Laboratory of Neurobiology, Department of Biology, Northeastern University, 360 Huntington Ave, Boston, MA, 02115, USA.
J Comp Physiol A Neuroethol Sens Neural Behav Physiol. 2024 May;210(3):443-458. doi: 10.1007/s00359-023-01664-4. Epub 2023 Sep 13.
Signal analysis plays a preeminent role in neuroethological research. Traditionally, signal identification has been based on pre-defined signal (sub-)types, thus being subject to the investigator's bias. To address this deficiency, we have developed a supervised learning algorithm for the detection of subtypes of chirps-frequency/amplitude modulations of the electric organ discharge that are generated predominantly during electric interactions of individuals of the weakly electric fish Apteronotus leptorhynchus. This machine learning paradigm can learn, from a 'ground truth' data set, a function that assigns proper outputs (here: time instances of chirps and associated chirp types) to inputs (here: time-series frequency and amplitude data). By employing this artificial intelligence approach, we have validated previous classifications of chirps into different types and shown that further differentiation into subtypes is possible. This demonstration of its superiority compared to traditional methods might serve as proof-of-principle of the suitability of the supervised machine learning paradigm for a broad range of signals to be analyzed in neuroethology.
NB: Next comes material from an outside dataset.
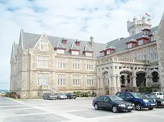 The Palacio de la Magdalena (Spanish for Magdalena Palace) is a palace in Santander (Cantabria), Spain. Its construction was financed by popular subscription and given to the Spanish royal family for use as a summer residence. It was built by architects Javier González Riancho and Gonzalo Bringas Vega between 1909 and 1911. The palace is located at the Magdalena Peninsula in the place where the old Fort of San Salvador de Hano was, which protected the entrance to the bay. Since 1932, it hosts the summer courses of the Menéndez Pelayo International University. In 1977, the City Council of Santander bought back the palace and the peninsula.

信号分析在神经生态学研究中起着突出的作用。传统上,信号识别是基于预先定义的信号(子)类型的,因此受到研究人员的偏见。为了解决这个缺陷,我们开发了一种监督学习算法,用于检测电鳗放电的啁啾频率/幅度调制的亚类型,这些亚类型主要是在个体之间的电相互作用中产生的弱电鱼 Apteronotus leptorhynchus。这种机器学习范例可以从“真实数据”集中学习一个函数,该函数将适当的输出(此处:啁啾的时间实例和相关的啁啾类型)分配给输入(此处:时间序列频率和幅度数据)。通过采用这种人工智能方法,我们验证了以前对啁啾进行的不同类型的分类,并表明进一步进行亚型分化是可能的。与传统方法相比,该方法的优越性证明了监督机器学习范例适用于神经生态学中广泛的信号分析。